- [REQUIRED ACTION] Drop the pictures, then extract the listing word for word.

- [RAW DATA]
^^^^^^^^

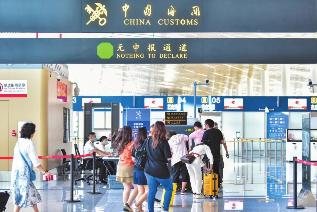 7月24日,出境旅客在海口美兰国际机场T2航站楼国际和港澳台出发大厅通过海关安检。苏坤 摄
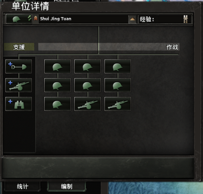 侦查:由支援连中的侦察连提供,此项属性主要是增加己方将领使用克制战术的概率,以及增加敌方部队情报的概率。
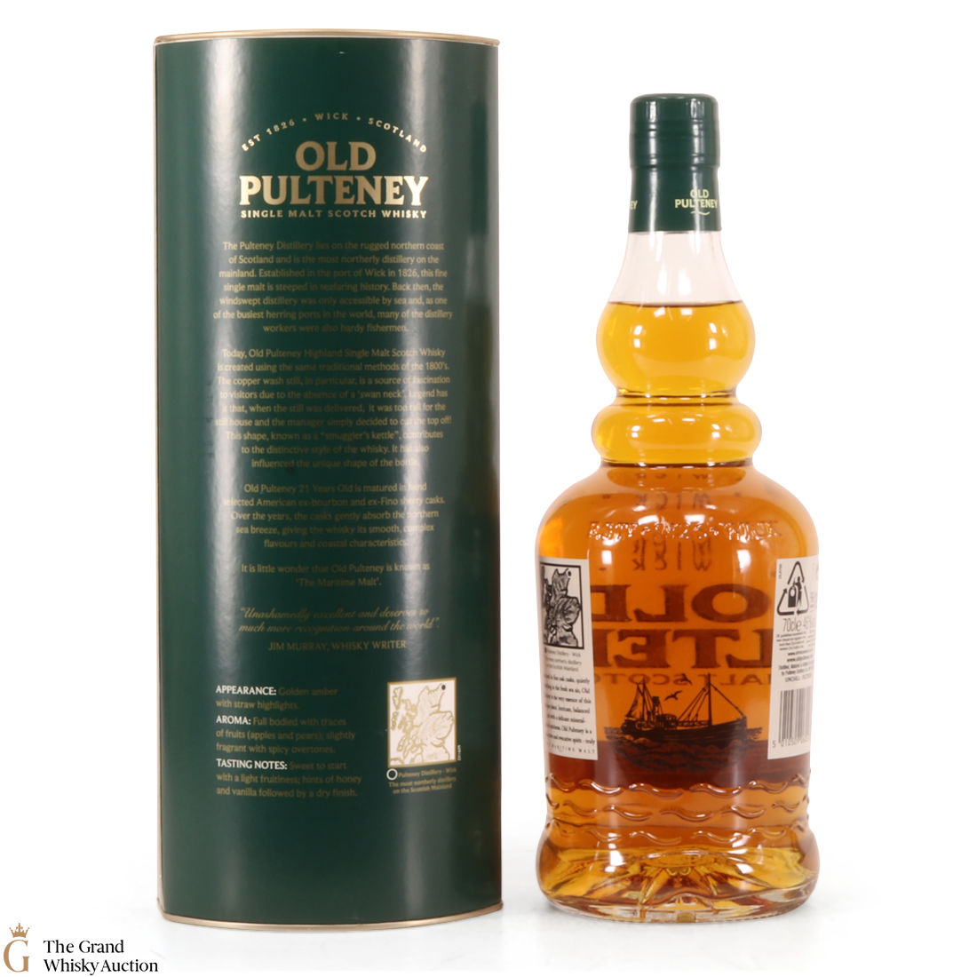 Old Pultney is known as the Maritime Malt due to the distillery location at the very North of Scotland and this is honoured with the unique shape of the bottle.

^^^^^^^^

- [RESPONSE AREA]
 7月24日,出境旅客在海口美兰国际机场T2航站楼国际和港澳台出发大厅通过海关安检。苏坤 摄
 侦查:由支援连中的侦察连提供,此项属性主要是增加己方将领使用克制战术的概率,以及增加敌方部队情报的概率。
 Old Pultney is known as the Maritime Malt due to the distillery location at the very North of Scotland and this is honoured with the unique shape of the bottle.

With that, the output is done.